TABLE 2.
Number of complexes formed with heme-heme distances ≤14.5 Å and the corresponding association rate constants (ka) for the interactions of cyt c6 with cyt f+Rieske subcomplexes from C. reinhardtii
| Number of complexes/10,000 trajectories* | Corrected value† | ka* (×108) M−1 s−1 | Corrected value† | |
|---|---|---|---|---|
| Cyt f-unmodified alone | 91 ± 3 | – | 3.0 ± 0.3 | – |
| Cyt f+Rieske subcomplex-far‡ | 36 ± 2 | 89 ± 4 | 1.0 ± 0.15 | 2.9 ± 0.4 |
| Cyt f+Rieske subcomplex-far no charge§ | 38 ± 2 | – | 1.1 ± 0.2 | – |
| Cyt f-modified¶ alone | 493 ± 6 | – | 16.0 ± 0.7 | – |
| Cyt f-modified+Rieske subcomplex-far | 551 ± 8 | 617 ± 11 | 14.7 ± 0.7 | 19.2 ± 1.1 |
| Cyt f-modified+Rieske subcomplex-far no charge | 427 ± 3 | – | 11.5 ± 0.4 | – |
| Cyt f+Rieske subcomplex-close‡ | 56 ± 3 | 123 ± 3 | 1.6 ± 0.2 | 3.9 ± 0.2 |
| Cyt f+Rieske subcomplex-close no charge | 24 ± 1 | – | 0.68 ± 0.15 | – |
| Cyt f-modified+Rieske subcomplex-close | 408 ± 8 | 653 ± 9 | 11.3 ± 0.5 | 20.4 ± 1.0 |
| Cyt f-modified+Rieske subcomplex-close no charge | 248 ± 7 | – | 6.9 ± 0.4 | – |
The complexes included were those with the heme-heme distances ≤14.5 Å, which are considered electron transfer-active. The second-order association rate constants, ka, were calculated for the formation of these complexes, as described in the Methods section. Five sets of 10,000 trajectories each were carried out to obtain the error values.

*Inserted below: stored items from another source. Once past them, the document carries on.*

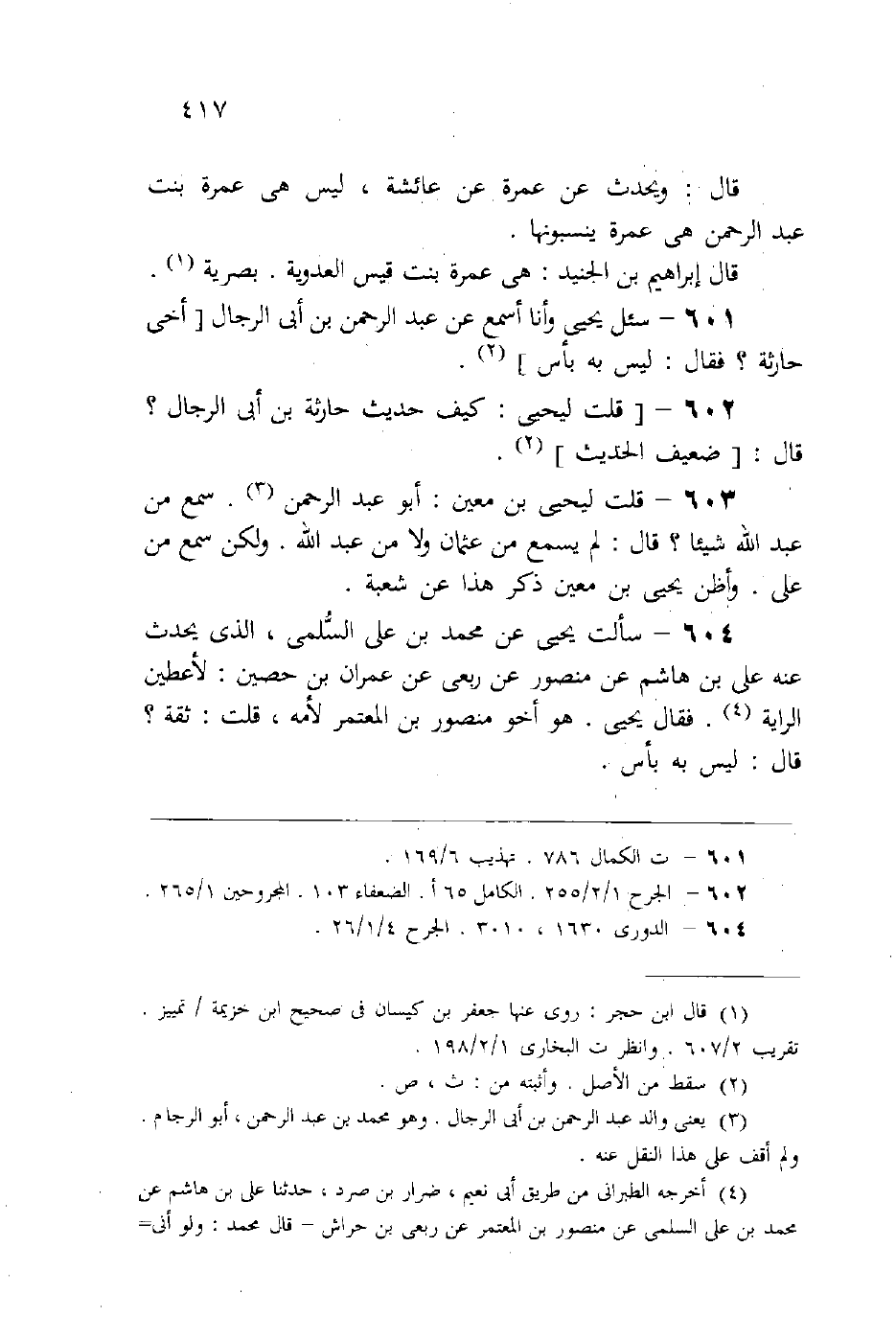 (601) سئل يحيى وأنا أسمع عن عبد الرحمن بن أبي الرجال أخي حارثة، فقال: «ليس به بأس» .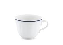 Scopri la tazzina da caffè in porcellana con bordo blu della collezione Corona. Ideale per stupire i vostri commensali in qualsiasi occasione.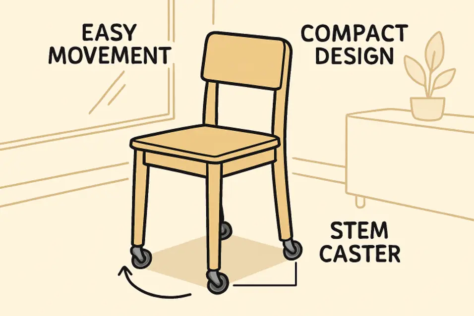 The versatility of stem casters means they find practical use in countless applications beyond homes and offices. In residential environments, you’ll frequently see them attached to dining chairs, kitchen carts, plant stands, and even beds. For office settings, stem casters are nearly universal on desk chairs, but they’re also a staple on modular workstations, printer tables, and AV carts.
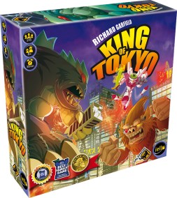 King of Tokyo (O Rei de Tóquio) é um jogo de tabuleiro que explora essa famosa fascinação japonesa por monstros gigantes destruindo sua capital. O foco é na diversão e não o terror. Os jogadores competem entre si para descobrir que monstro destruirá a cidade japonesa tornando-se o Rei de Tóquio (e vencedor do jogo). Os monstros são variados, com uma certa puxada para o cômico, como a cara de enfado do Alienoid ou os absurdo monstros da expansão de Halloween. Existe uma tabela simples e funcional para controlar os pontos de vida e de vitória de cada monstro,o que dispensa a existência de um placar geral e uma série de cartas de poderes que tornam os monstros mais personalizáveis, aumentando a rejogabilidade. A solução do problema encarado nessa história também é um tributo à robustez do sistema de jogo. Se o jogo não t fosse tão bem projetado a solução seria muito mais difícil.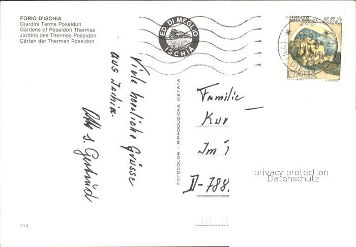 old postcard Ischia Gaerten der Thermen Poseidon postalisch gelaufen Erhaltung siehe scans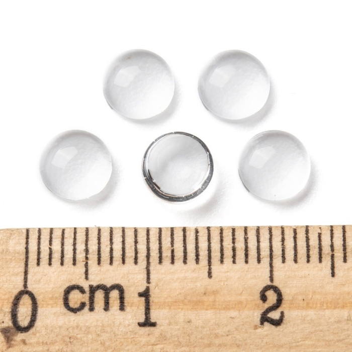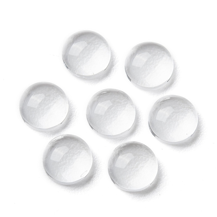 Круглые стеклянные кабошоны — это универсальные элементы для декорирования, отличающиеся гладкой поверхностью и эффектом объема. Они изготовлены из высококачественного стекла, что придаёт им прозрачность и блеск, усиливающий глубину цвета и рисунка основы, с которой они используются. Полукруглая форма придает кабошонам выпуклость, позволяя фокусировать свет и создавать визуальный эффект увеличения изображения под стеклом.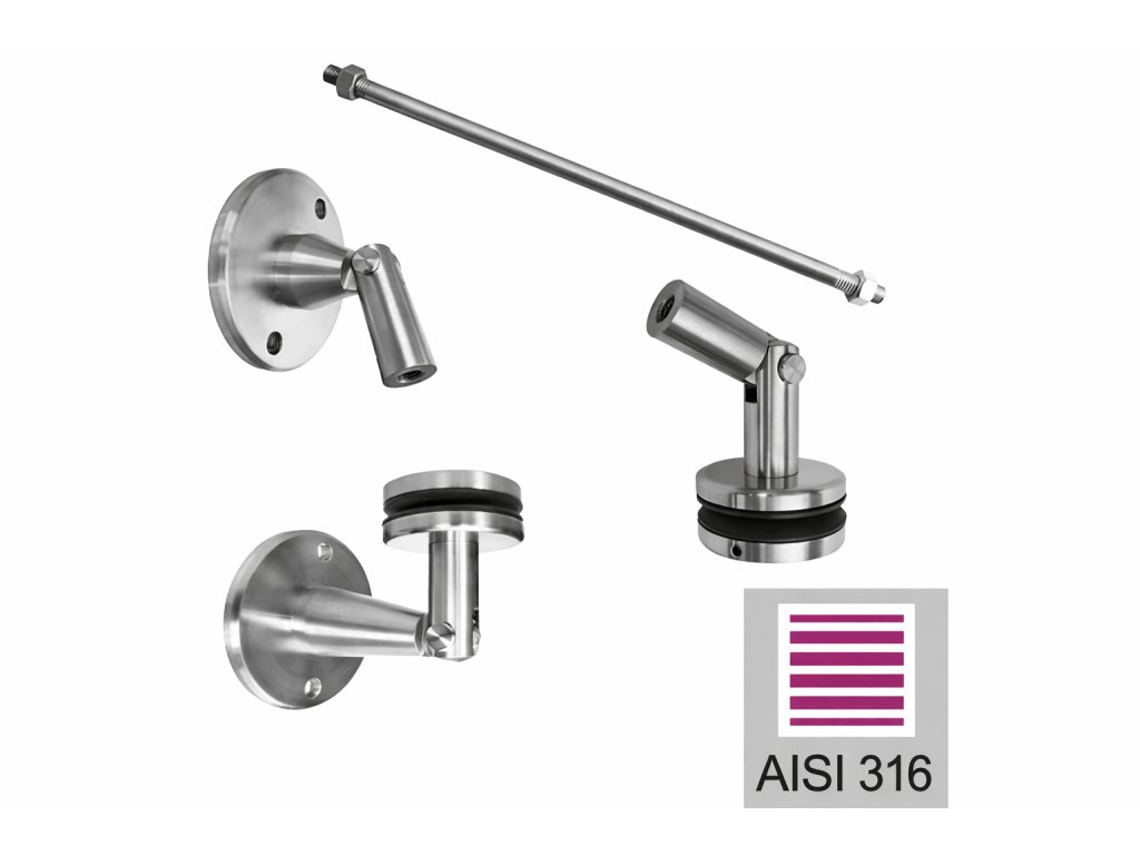 Nerezová sada pro skleněný přístřešek z materiálu AISI 316 v povrchové úpravě brus.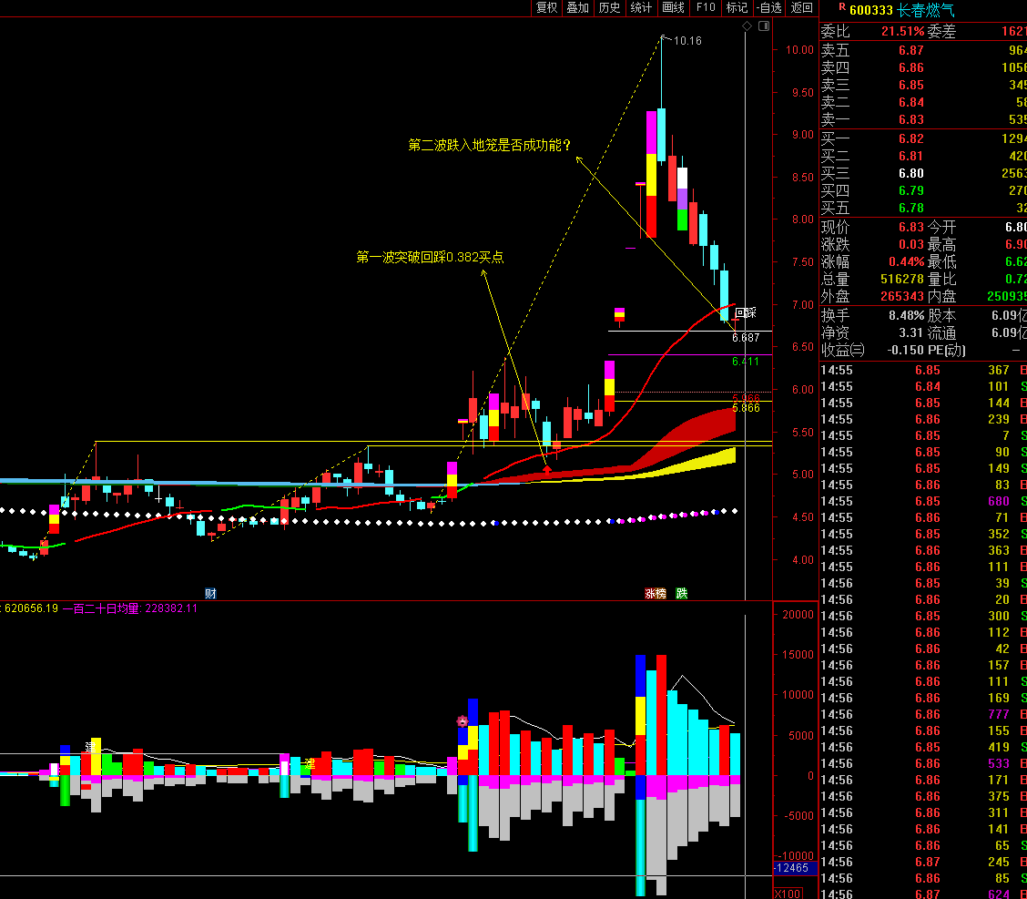 技能解析:放巨量跳空打破前期两个上涨浪极点,创一年收盘价新高,回踩0.382缺口2分钱未回补,强势特征显着,一个完美的好标的呈现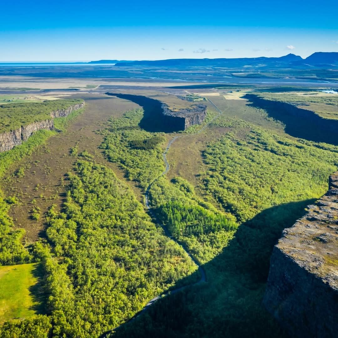 Аусбирги — впечатляющий каньон подковообразной формы на севере Исландии, известный своими высокими скальными стенами и необычно зелёной долиной. Его образование связывают с мощными геологическими и водными процессами, которые сформировали ландшафт тысячи лет назад. Лесистое дно каньона контрастирует с отвесными скалами высотой до 100 метров, создавая яркое природное убежище. Удобные тропы и смотровые площадки делают Аусбирги одним из самых доступных и запоминающихся природных мест региона.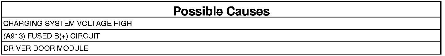 This code is set immediately after the Door Module detects voltage over 15 volts on the (A913) Fused B(+) circuit.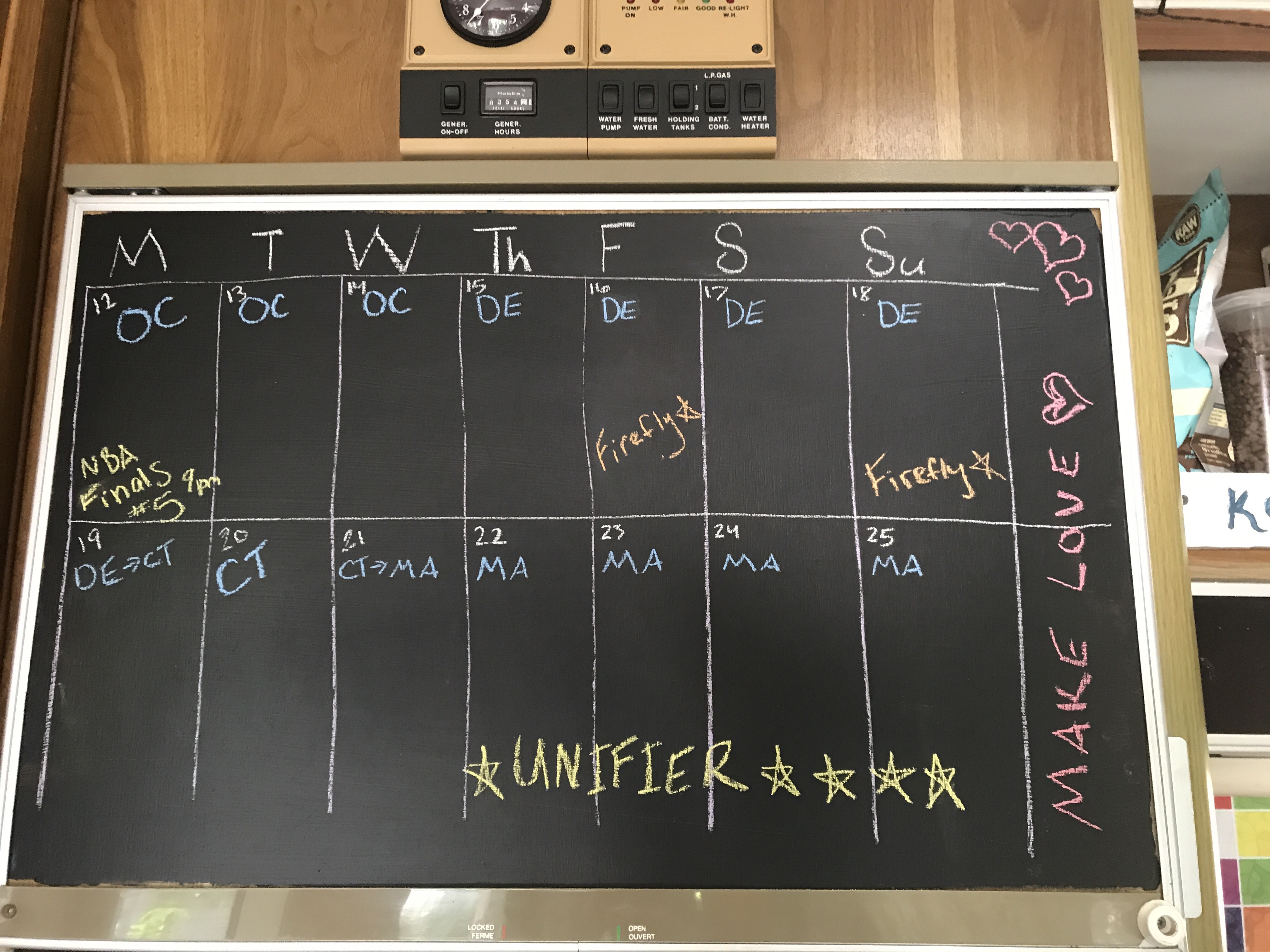 I used the freezer to create a chalk board calendar. Marking it with our location for the day and any activities we had planned. I particularly like how little is on it. Of course I also have a mental calendar that has daily tasks on it such as write blog, take care of the cats, and planning food and water for the day.❤️
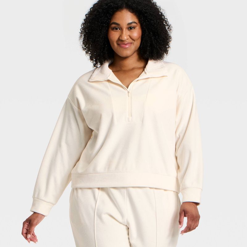 Women's Velour Ribbed 1/2 Zip Sweatshirt - All In Motion™ Cream 3X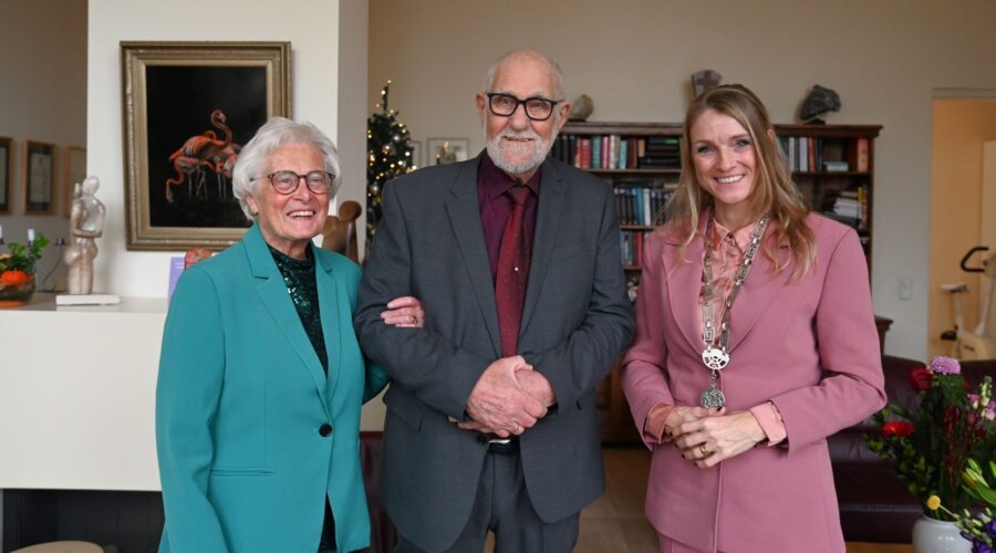 Henk en Nel van Omme vierden woensdag 17 december dat zij zestig jaar zijn getrouwd. Het huwelijksjubileum werd opgesierd door de komst van burgemeester Tinet de Jonge die een bos bloemen meenam voor het jubilerende echtpaar. Ze hebben elkaar via de korfbalsport ontmoet. Henk was lid van Odik in Barneveld en Nel lid van DVO uit Bennekom. Tijdens een toernooi in Doetinchem werden ze verliefd op elkaar. Van de trouwdag blijft bij dat het enorm regende en een paraplu nodig was om de trouwjurk enigszins droog te houden. In zijn werkzame leven was Henk verkoopleider bij een liftenbedrijf in Veenendaal en Nel werkte in Arkemheen. Hulp aan vluchtelingen en minderbedeelden staat bij beide hoog op de agenda. foto Kees van den Heuvel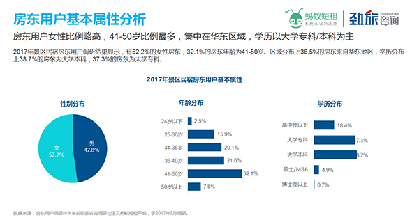 为了更好的了解景区民宿市场的现状,《中国景区民宿市场研究报告2017》中还专门针对房东群体进行了调研分析。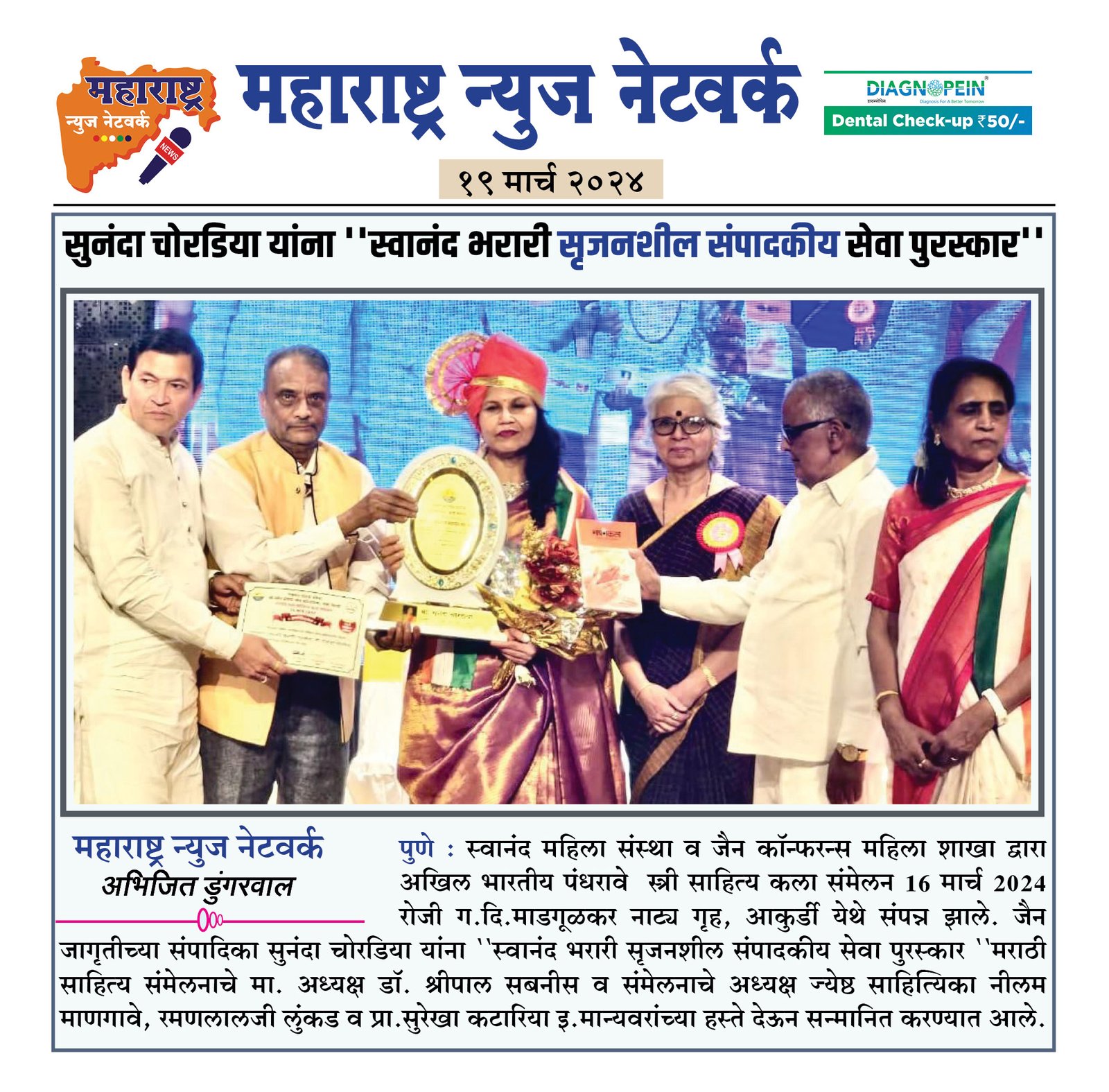 पुणे : स्वानंद महिला संस्था व जैन कॉन्फरन्स महिला शाखा द्वारा अखिल भारतीय पंधरावे स्त्री साहित्य कला संमेलन 16 मार्च 2024 रोजी ग.दि.माडगूळकर नाट्य गृह, आकुर्डी येथे संपन्न झाले. जैन जागृतीच्या संपादिका सुनंदा चोरडिया यांना ”स्वानंद भरारी सृजनशील संपादकीय सेवा पुरस्कार ”मराठी साहित्य संमेलनाचे मा. अध्यक्ष डॉ. श्रीपाल सबनीस व संमेलनाचे अध्यक्ष ज्येष्ठ साहित्यिका नीलम माणगावे, रमणलालजी लुंकड व प्रा.सुरेखा कटारिया इ.मान्यवरांच्या हस्ते देऊन सन्मानित करण्यात आले.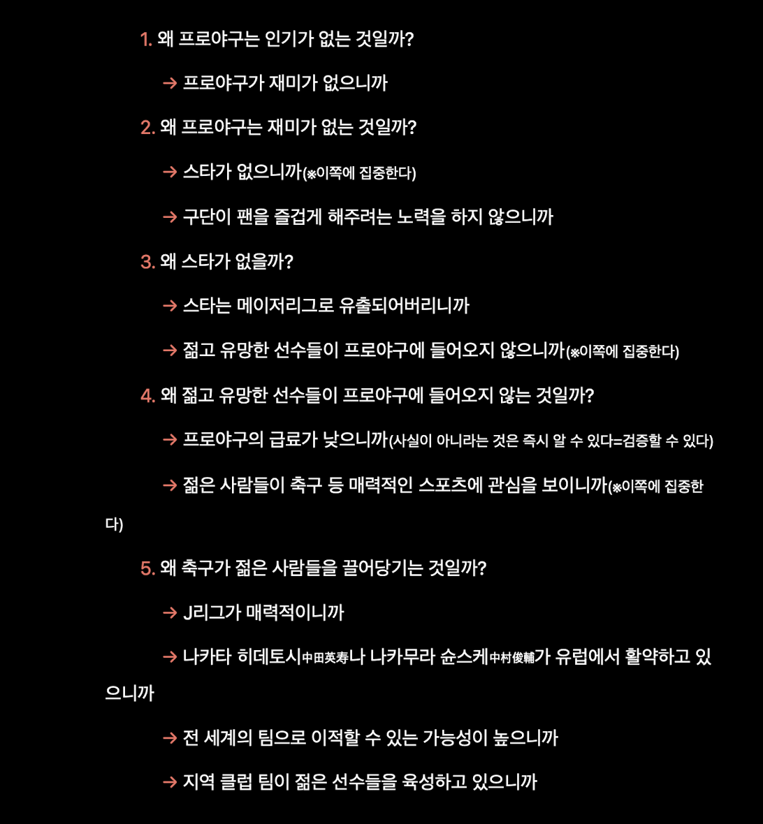 - “왜 프로야구는 인기가 없는 것일까?”라고 생각했다고 하자. 그럼 다음과 같이 ‘왜?’를 반복하면서 원인과 타개책을 생각한다.
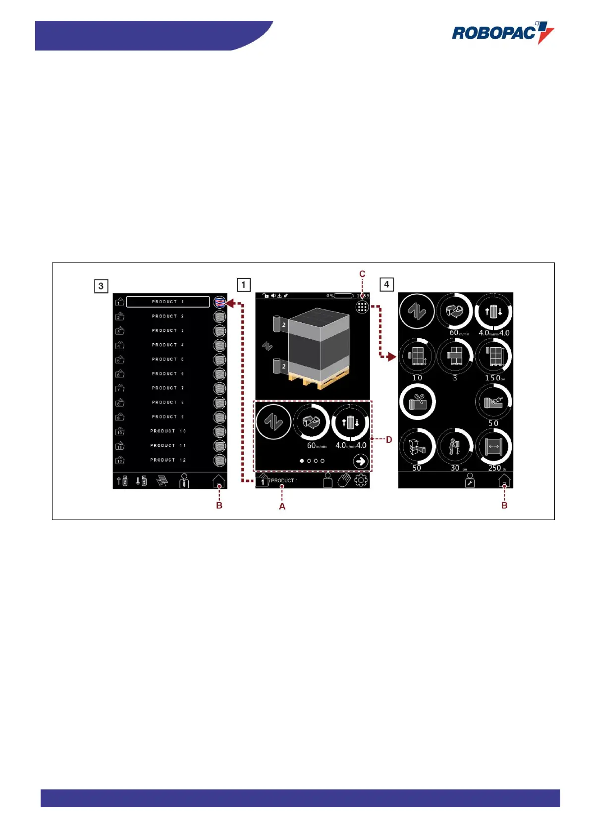 6. Press the button (C) to display the “wrapping cycle” page 4 or select in zone (D) the parameters to be set.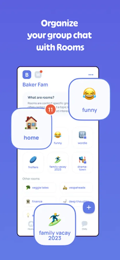 The first messaging app designed for families–HeyFam is the only app with topic-focused rooms and direct messaging where you can share photos, videos, GIFs, and messages across any device.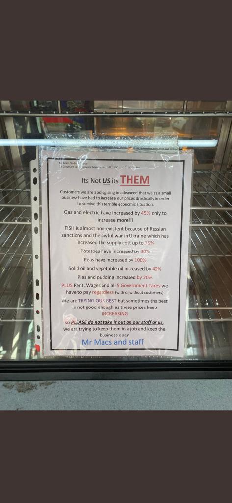 A photo of a sign in a Chippy in Moston, Manchester today.

The corrected values for the number of complexes formed for all of the cyt f+Rieske subcomplexes were obtained as follows. First, the number of complexes formed for cyt f+Rieske subcomplexes with all of the Rieske charges set to zero were subtracted from that obtained for the cyt f-unmodified alone. Second, the difference obtained was added to the number of complexes formed for the cyt f+Rieske subcomplexes with all of the Rieske charges in place. In the case of modified cyt f, the subtractions were made from the number of complexes formed by the cyt f-modified alone structure. The values of the interaction rates were corrected in the same way. For an explanation of the corrected values, see the Discussion section.
The cyt f+Rieske subcomplex-far is the structure from the crystal structure of the C. reinhardtii cyt b6f complex. The model of the cyt f+Rieske subcomplex-close was built by moving the extramembrane domain of the Rieske protein closer to the extramembrane domain of cyt f (refer to the Methods section and Fig. 1).
For the cyt f+Rieske-no charge subcomplexes, only the charges on the Rieske protein were set to zero in the charge file used for the MacroDox simulations. Note that the charges were not removed from either cyt f or cyt c6.
In the cyt f-modified structure, the loop of residues 184–191 on the cyt f molecule was replaced by that from the cyt f structure B from PDB code 1CFM (refer to the Methods section).